Gary Langer, head of Langer Research Associates, which conducts public opinion surveys for ABC News, doesn’t see social polling replacing traditional polling anytime soon.

“There’s no science behind it,” Langer says. “As qualitative research, it’s useful, like a focus group. A focus group is like a cocktail party without booze, but from them, you get a feel for body language and certain insights that you can go out and test in a quantitative way.”

Independent pollster John Zogby agrees that social polling won’t have the “accuracy” and “reliability” that random sampling does, but he believes it holds tremendous promise. In conducting online polls for clients since 2000, he has found that Internet surveys are generally more effective at getting people to answer “intimate” questions about personal behavior and biases, or asking questions that solicit strong “love ‘em or hate ‘em” answers.

Social polling’s biggest flaw is that social network users are not yet representative of the entire population, Zogby says. Pew reports that 80% of them are between ages 18-24, while only 26% are over 50. Most are college-educated, too.

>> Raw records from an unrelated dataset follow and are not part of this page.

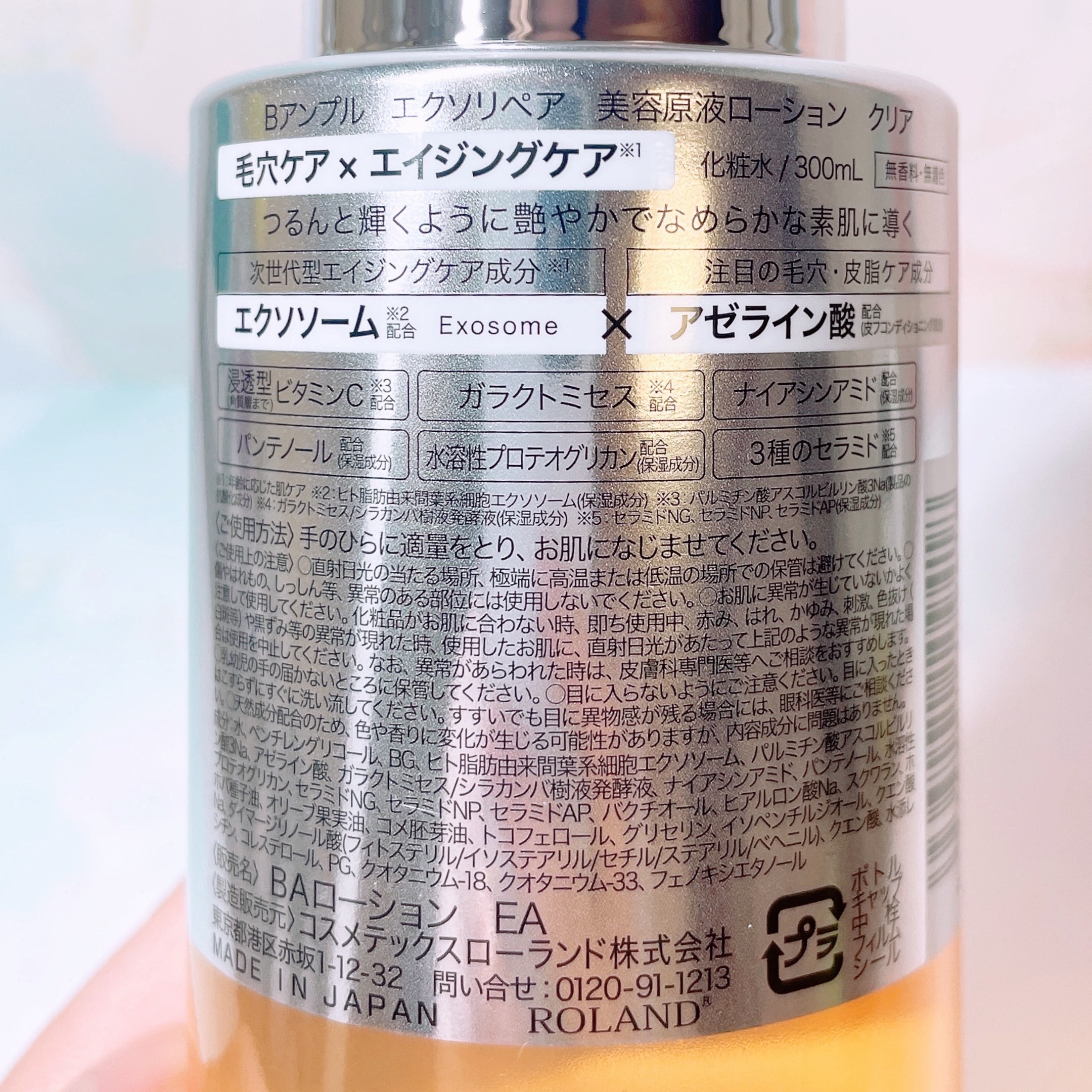 Bアンプルエクソリペア美容原液ローションクリア最先端のスキンケア成分、エクソソーム×アゼライン酸配合の毛穴対策化粧水。皮脂・毛穴詰まりに集中アプローチし、つるんと触り心地の良いなめらかな素肌に導いてくれるそう水のようにサラっとしててバシャバシ...
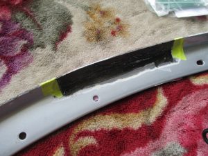 フロントリップのクランク部分に亀裂がはいってしまっておりました、クラックが入っている部分は補強を入れて、表面はエポキシ製の接着剤で修理します。
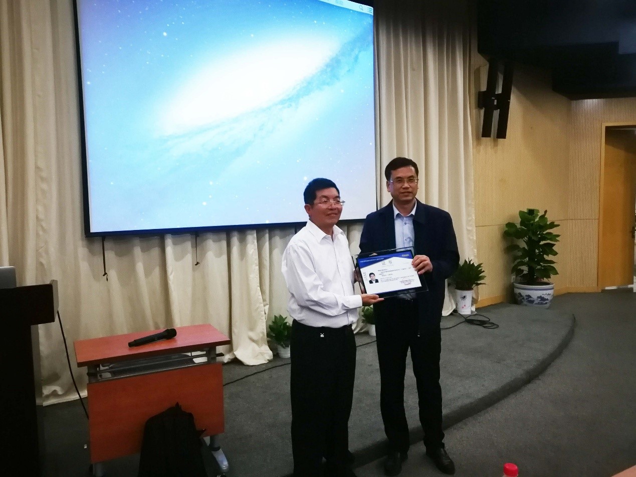 图:王赤主任为潘永信院士颁发九章荣誉证书

“Until we’re able to document that 92% of likely voters have online access, social polling is not universal and far from it,” Zogby says. “There are significant pockets of people who aren’t there. People over 50, over 65 are online, to be sure, and growing, but not likely to use Facebook other than to talk to grandchildren.”

Based on the growing number of people under 35 who are on social networks, he believes the country will “absolutely” get there, just as people eventually accepted the major shift in the polling world in the 1970s: the change from knocking on people’s doors to calling landline phones––and later, cell phones—to gather public opinion.

Schaechter and Yoder understand social polling’s limitations. In the meantime, they see themselves as lending a voice to the social media population. Yoder, for instance, hopes that when people see their friends vote in Quipols, they’ll be inspired to put in their two cents as well.

“If people are out there sharing opinions, then that’s going to be influential,” Yoder says.